Going beyond “classical”... towards pop choreography?

Classical or jazz, ballet or contemporary dance... in fact, in parallel with his career as a choreographer in classical ballet, Balanchine took a keen interest in jazz and popular music! He discovered Fred Astaire, whom he considered an exceptional dancer:

"You find a bit of Fred Astaire in everyone's way of dancing - a pause here, a movement there. That was Astaire's originality.

He went on to write three choreographies for Broadway. His love of seemingly popular music is also evident in Circus Polka, for dancers... and elephants, with music by Igor Stravinsky (track 7), one of the choreographer's most important collaborators - another Russian in exile, another avant-gardist he met in Europe in 1928 and with whom he wrote over thirty ballets (tracks 8-12)!

The twenties saw another discovery that led Balanchine to transcend the dichotomy between "classical" and "popular": George Gershwin, a composer close to jazz music and the Broadway scene. The film Goldwyn Follies (track 13), released in 1938, was the occasion for a collaboration between the choreographer and the composer (unfortunately short-lived, as Gershwin died of a brain tumor during filming). More than twenty years later, Balanchine, playing piano on a songbook, imagined a choreography based on a suite of songs composed by Gershwin. He commissioned an orchestrator, set to work and, in 1970, produced Who Cares? (tracks 14-15) The title sets the tone: in the words of one critic,

"it takes extreme self-confidence, or critical confidence, to call a ballet Who Cares?”

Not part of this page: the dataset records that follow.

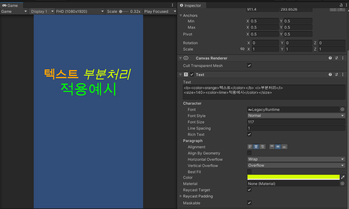 유니티의 텍스트를 사용할 때 특정 텍스트를 두껍게 강조하거나, 특정 단어만 색상을 변경하는 등 텍스트의 부준 지정 형식을 지원하는 기능입니다.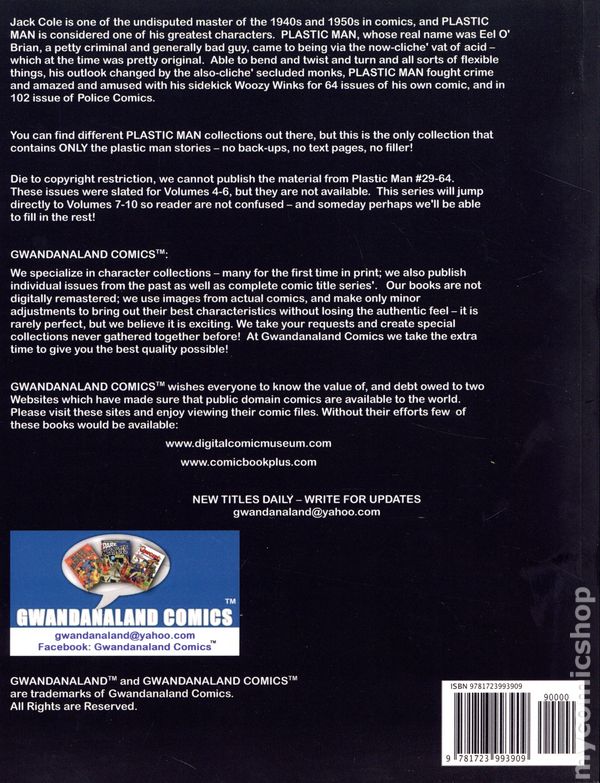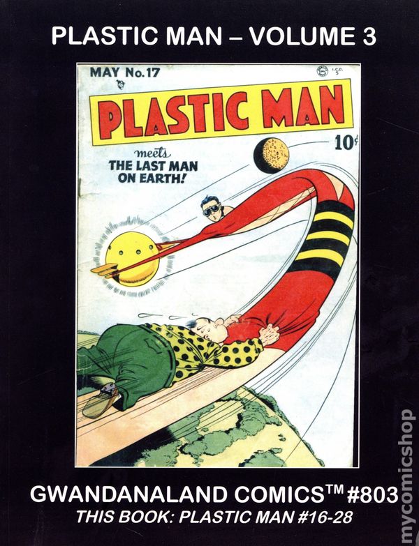Volume 803 - 1st Printing. "Plastic Man Volume 3!" Collects material from Plastic Man (1943 Vital/Quality) #16-28. These budget friendly reprints of classic western sci-fi, horror, and adventure comics feature some of the best in public domain comic book reprints. Softcover, 8 1/2-in. x 11-in., 388 pages, full color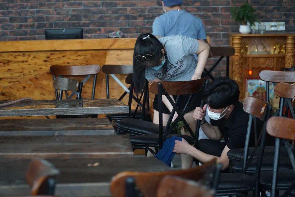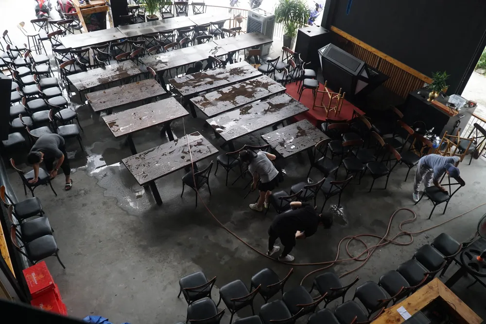 Trước đó, nhiều quán nhậu trên đường Trần Văn Trứ đã huy động nhân viên lau dọn bàn ghế, chuẩn bị phục vụ khách ăn uống tại chỗ. Ảnh: BT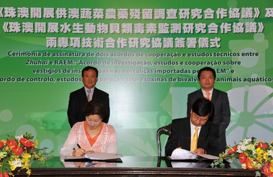 民政總署日前與珠海出入境檢驗檢疫局簽署“珠澳開展水生動物貝類毒素監測研究合作協議”及“珠澳開展供澳蔬菜農藥殘留調查研究合作協議”,以進一步加強澳珠兩地在食品安全方面的科研合作和交流。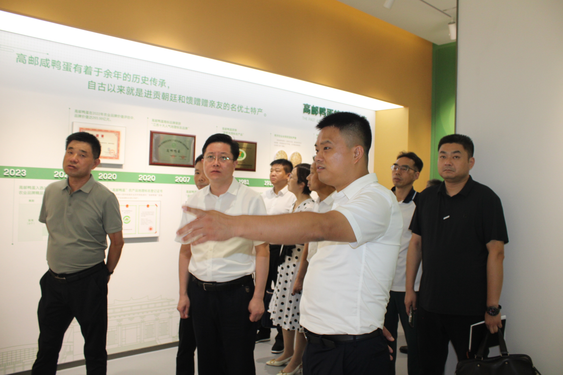 調(diào)研過程中,鄭志明副書記一行走進高郵鴨集團企業(yè)文化展廳、食品加工車間及電商直播間,聽取企業(yè)文化介紹,詳細(xì)了解生產(chǎn)加工以及線上銷售情況。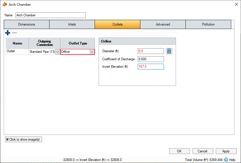 - Under the Outlets tab, from the Outlet Type drop down list, select Orifice and enter a Diameter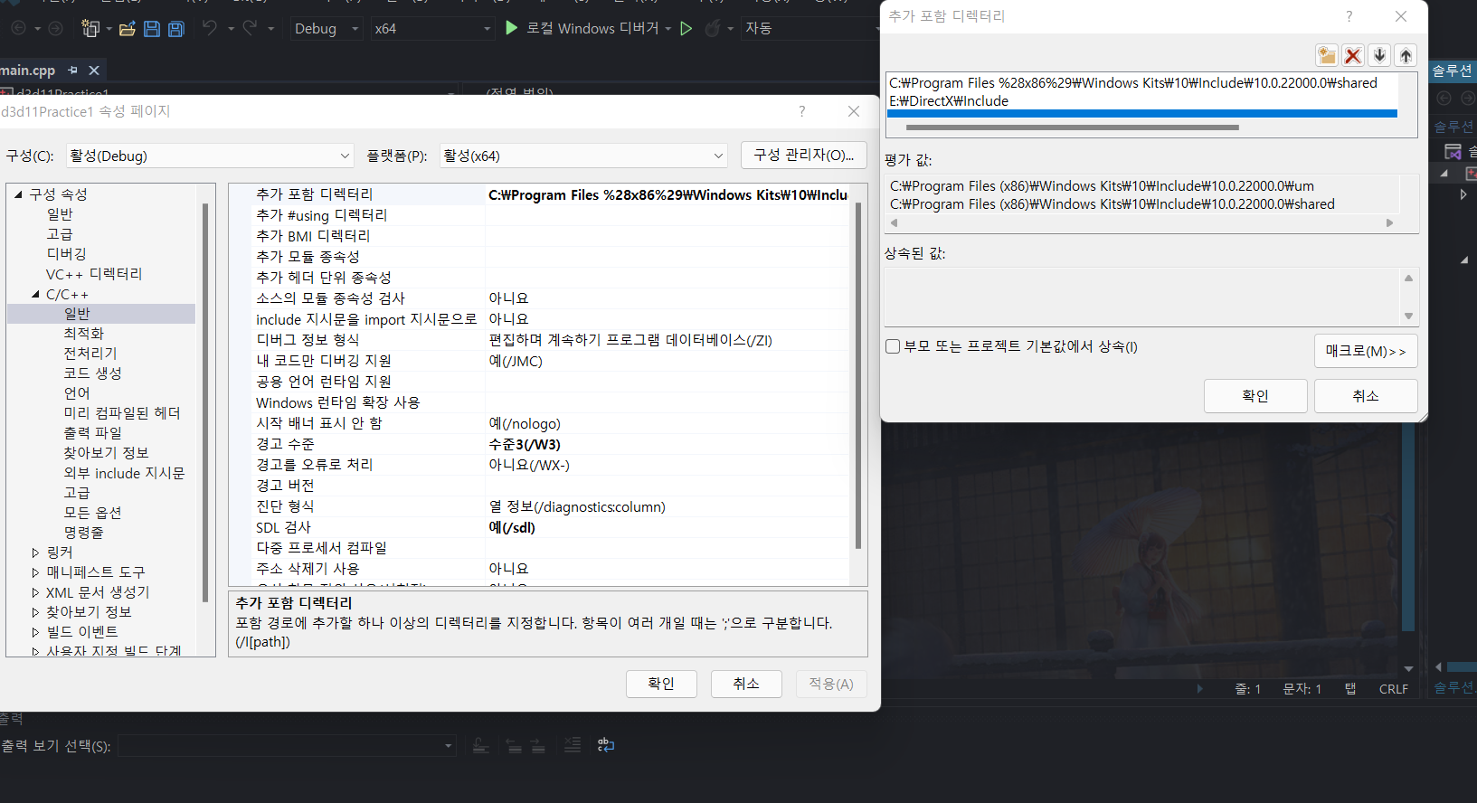 (반드시 DirectX의 Include폴더를 가장 밑(가장 처음)에 참조해주세요!)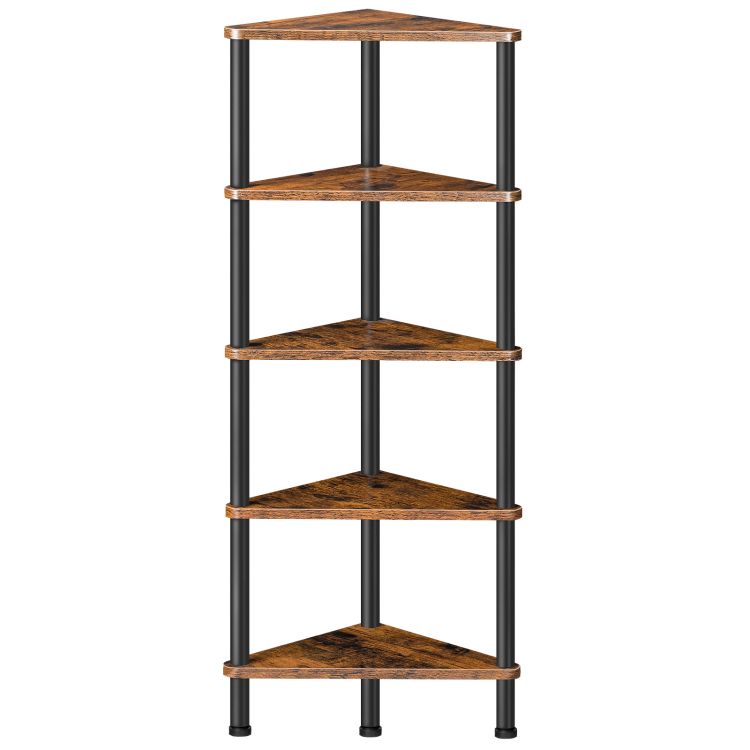γωνιακό ράφι με μεταλλικό πλαίσιο, Βιομηχανική 5-επιπέδων γωνιακό τοίχωμα, βιβλιοθήκη για μικρούς χώρους, υπνοδωμάτιο, καθιστικό, rustic brown bf33cj01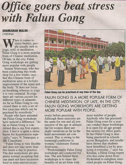 2007年6月13日,印度《德干紀事報》(Deccan Chronicle)刊登文章說,法輪功的義務教功班越來越受歡迎。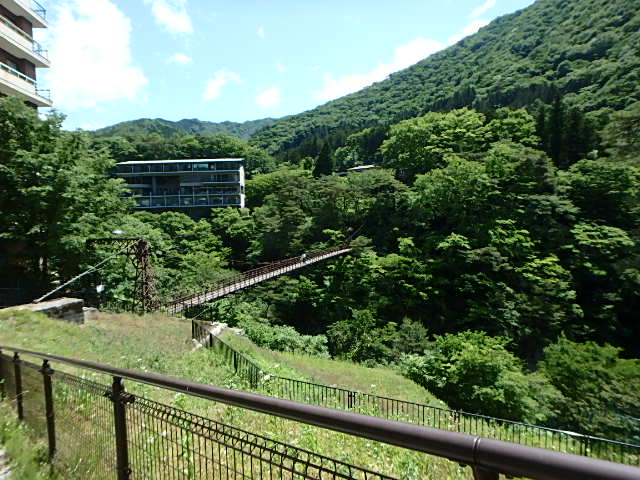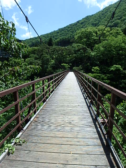 宿泊していたあさやホテルから歩いて行きました。ゆっくり歩いても10分弱で辿り着けます。滝見公園という、きれいに整備はされていますが特に何の変哲もないような公園から入って、そこの奥に進むと橋が見えてきます。橋自体は結構な年季が入っていますが、さほど揺れてコワイようなこともありません。しっかりとした橋です。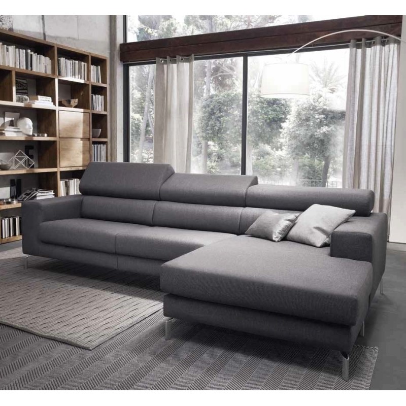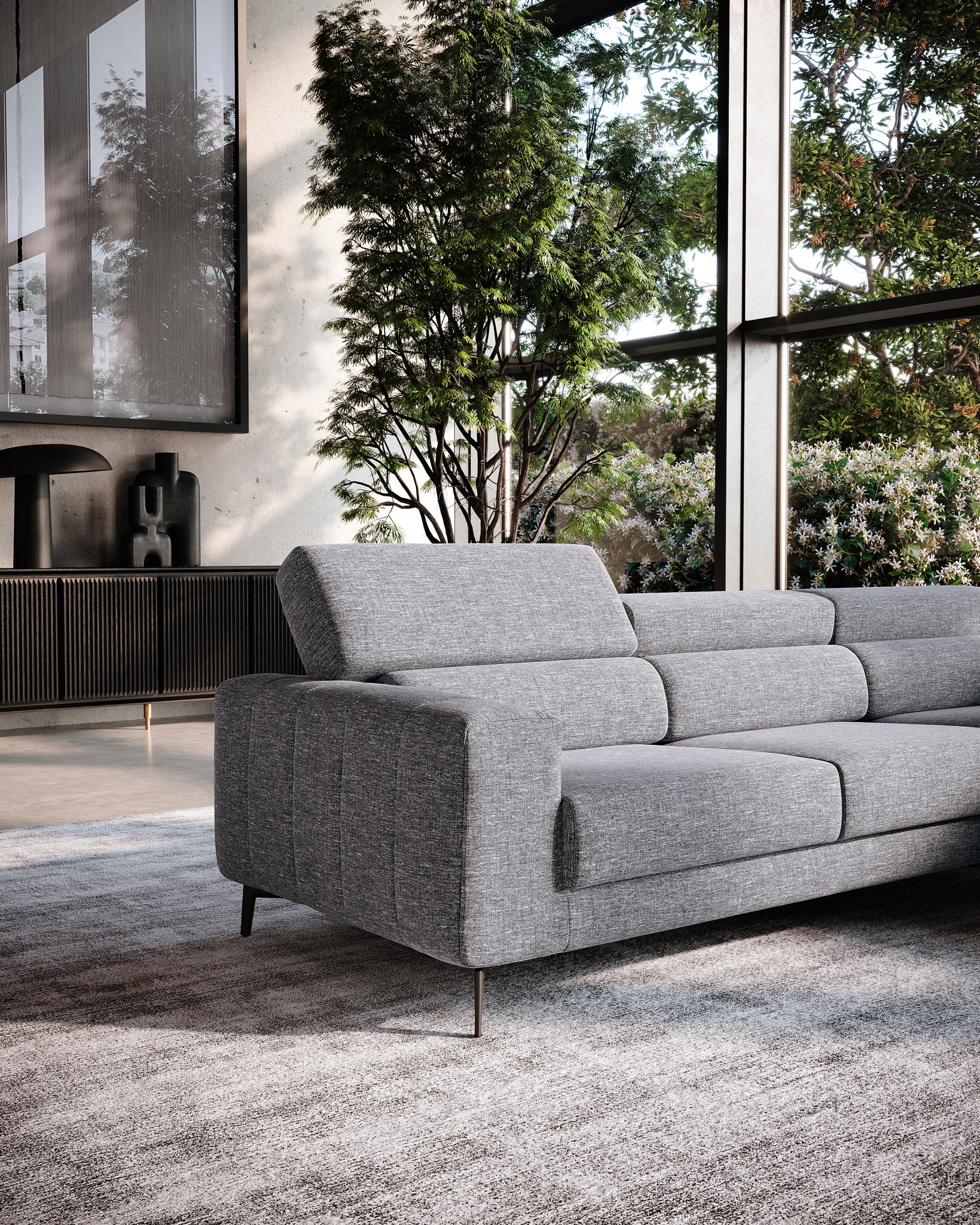 Divano attualmente esposto nella versione 3 posti con penisola chaise loungue in tessuto con sedute movibili e poggiatesta reclinabile: la profondità aumenta fino a 40 cmq in più e ci si può rilassare. Se invece vi piace la forma ma non volete meccanismi, questo divano può essere realizzato anche nella versione fissa.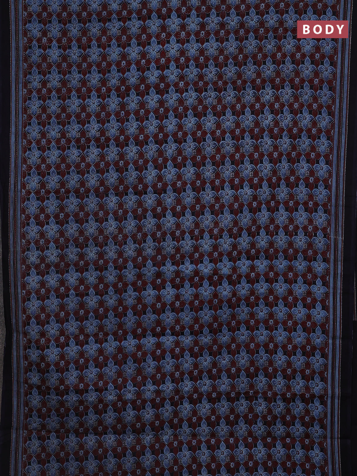 Jaipur cotton saree navy blue and maroon blue with allover floral prints and printed border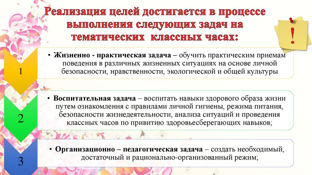 • Воспитательная задача – воспитать навыки здорового образа жизни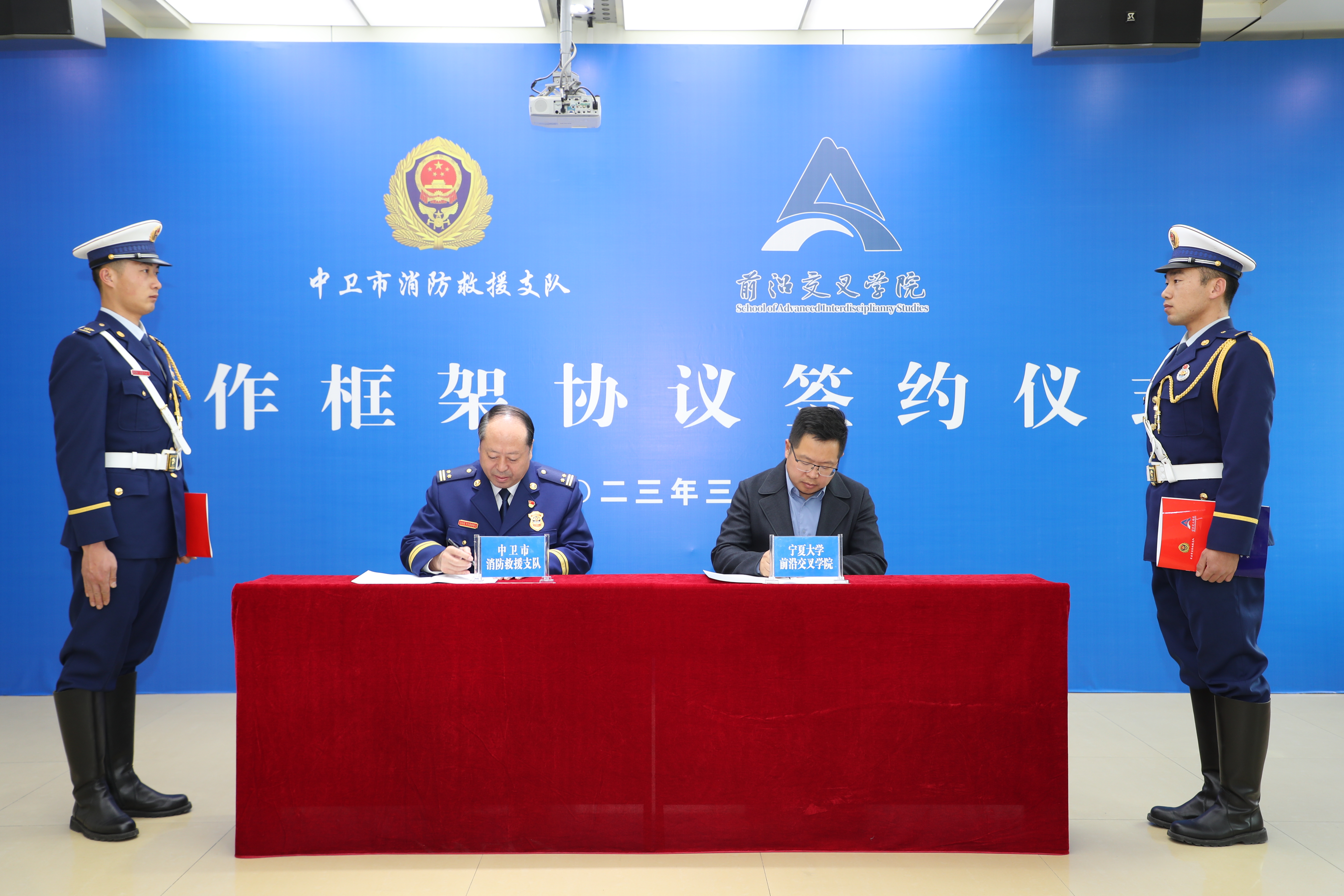 【beat365唯一官方网站新闻中心讯 前沿交叉学院】为深入贯彻落实全国消防救援队伍人才工作会议精神,全面加强高校与消防救援队伍的有机融合,3月22日下午,前沿交叉学院与中卫市消防救援支队举行合作框架协议签约仪式。支队党委书记、政治委员逯恒,党委副书记、支队长武秀宏,学院党总支书记任磊,执行院长王磊、对外合作与交流办公室主任房彦兵、综合办公室主任贾随生出席仪式。学院师生代表和支队机关各科室负责人、基层指战员代表参加仪式。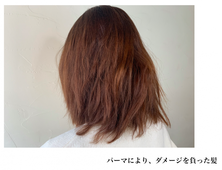 数ヶ月前のパーマにより、髪の毛が広がりやすく、見た目もバサバサしてしまう…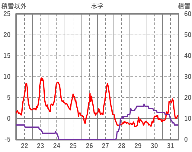 | 日 | 時 | 気温 | 降水 | 風向/風速 | 日照 | 積雪 | 降雪 |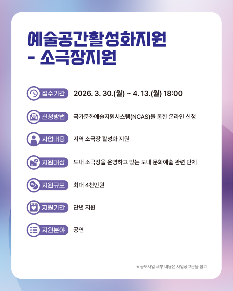 이번 공모는 총 2억 원 규모를 추가로 선정하며, ‘소극장지원’ 사업 뿐 아니라 ‘공간기반 창작지원’사업을 신설해 예술공간과 창작활동을 함께 지원하는 구조로 확대됐다.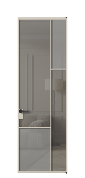 Дверь межкомнатная АЛПЛ041.23 АСБЖ Серый сатин матовое + Серый прозрачное. Цвет Алюминий светло-бежевый. Материал Алюминий в эмали. Коллекция Mosaic. Картинка.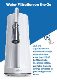 Water Filtration on the Go Just one Aqua ? Nano HD main filter cartridge could eliminate more than 22,000 half liter single- use plastic bottles, providing dramatic savings compared to purchasing bottled water.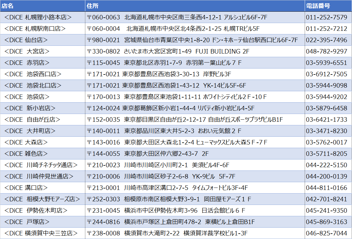 「DiCE」 は、2000 年より関東を中心に展開しているインターネットカフェです。高級感や清潔感などから、多くの女性のお客様にもご好評を得ています。豊富な雑誌・コミック、フリードリンクに加え、ソフトクリームに関しては「ソフトクリームに本気すぎるネットカフェ」として毎月違う味の提供や、他社とのコラボも行っています。また、グループ利用に最適な完全個室の VIPルームに加え、ダーツ・カラオケ・ビリヤードそして e スポーツ等のアミューズメントコンテンツもお楽しみいただけます。「暇をつぶす」ネットカフェから「時間を作って通いたい」ネットカフェに。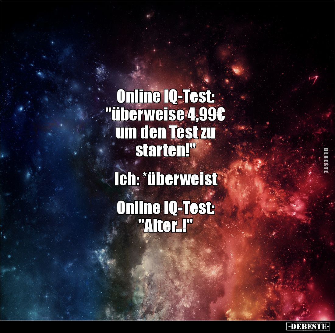 Online IQ-Test: "überweise 4,99€ um den Test zu starten!" Ich: *überweist Online IQ-Test: "Alter..!"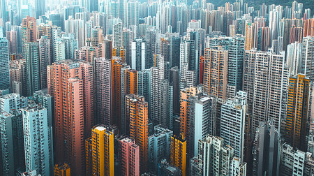 Vibrant skyline of densely packed buildings in a bustling urban area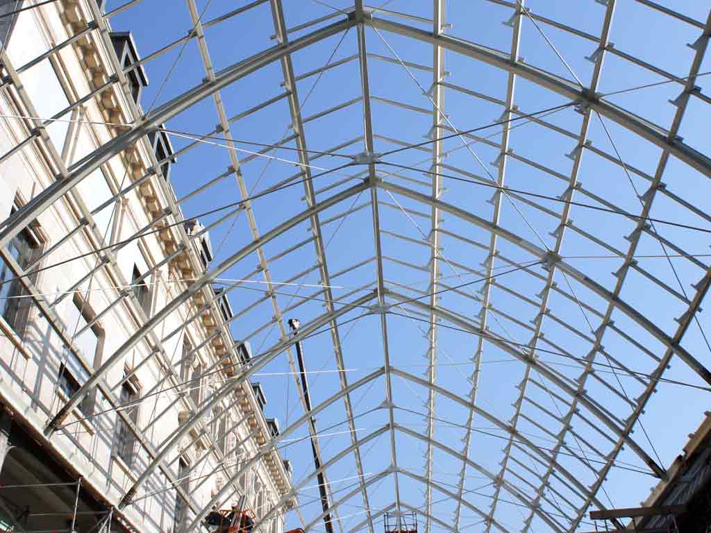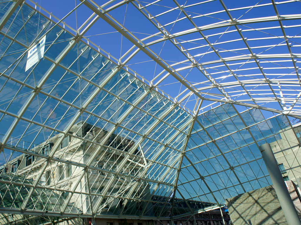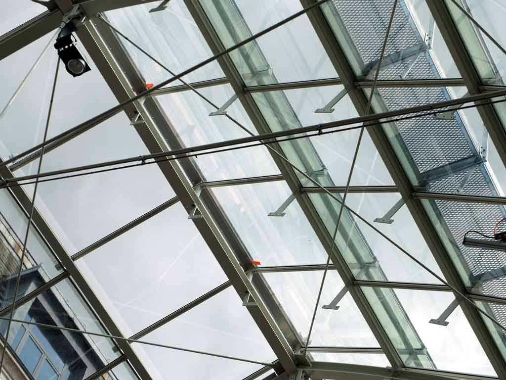 Le contexte historique est l'occasion d'une traduction contemporaine des méthodes de l'architecture industrielle du XIXème siècle : trame liée aux capacités du verre, association de tôles et de profilés élémentaires pour composer de pièces élaborées, imbrication de l'acier et de la maçonnerie, chéneaux structurels, pièces forgées pour les tirants.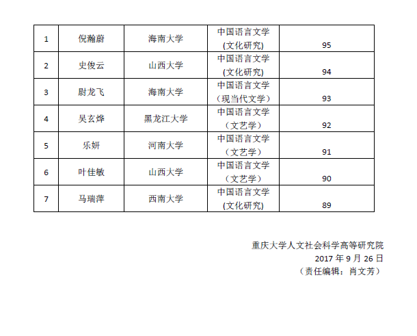 重庆大学高研院接收2018年推免生复试成绩公示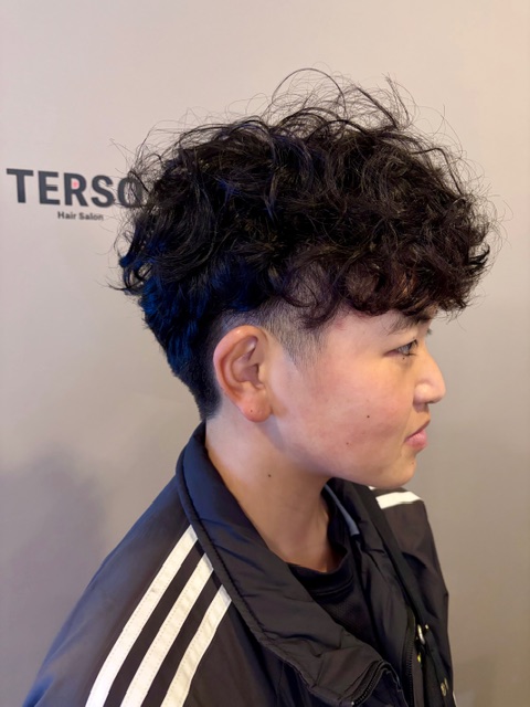 なかなか女性には、受け入れづらいヘアスタイルですが、その子の個性を引き出して、カットにパーマをミックスしました。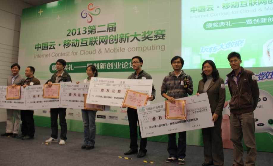 10月18日,中國云·移動(dòng)互聯(lián)網(wǎng)創(chuàng)新大獎(jiǎng)賽 2013(ICOME2013)--“玩轉(zhuǎn)大數(shù)據(jù)”頒獎(jiǎng)典禮在北京航空航天大學(xué)報(bào)告廳舉行,包括布谷云提醒、Bench4Q、WESEE、北航ACT隊(duì)、海馬、香港四方創(chuàng)意、HadoopVision等17支進(jìn)入復(fù)賽團(tuán)隊(duì)成員,中國云產(chǎn)業(yè)聯(lián)盟單位領(lǐng)導(dǎo)以及數(shù)十家主流媒體共同見證了這一時(shí)刻。最終,Ideastar、LCLL、rucasu、海馬、PDL@ NUDT 等參賽團(tuán)隊(duì)分別摘取了商業(yè)創(chuàng)新類和人才技術(shù)類大獎(jiǎng)。

Who Cares is the lightness of New York, of Broadway:

"It's an attempt to evoke a world of warm nights, cool martinis, where [Fred and Adele] Astaire look at each other smiling in a spirit of joyful camaraderie," the critic continues.

The music is indeed light - as is the orchestration, which was only completed a few months after the premiere: the latter was performed with the first and last pieces in orchestra, and the entire middle section played on piano! With the exception of a touching tribute in the form of a recording of Gershwin at the piano, "Clap Yo' Hands" (track 16). Gershwin, who had long been eclipsed by the ballet, was reinstated in 2010. Balanchine died ten years after the first performance of Creutzfeld-Jakob disease, diagnosed only after his death.

From one color to the next, the continuity of memory

From Imperial Ballet to Who Cares?, from Tsarist Russia to the glittering nights of Broadway; at first glance, it might seem logical to emphasize the opposition between the two ballets, the tradition and framework of Russia versus the freedom of the United States. But in the end, aren't they two sides of the same coin? In other words, the choreographer's lifelong attachment to memory and remembrance.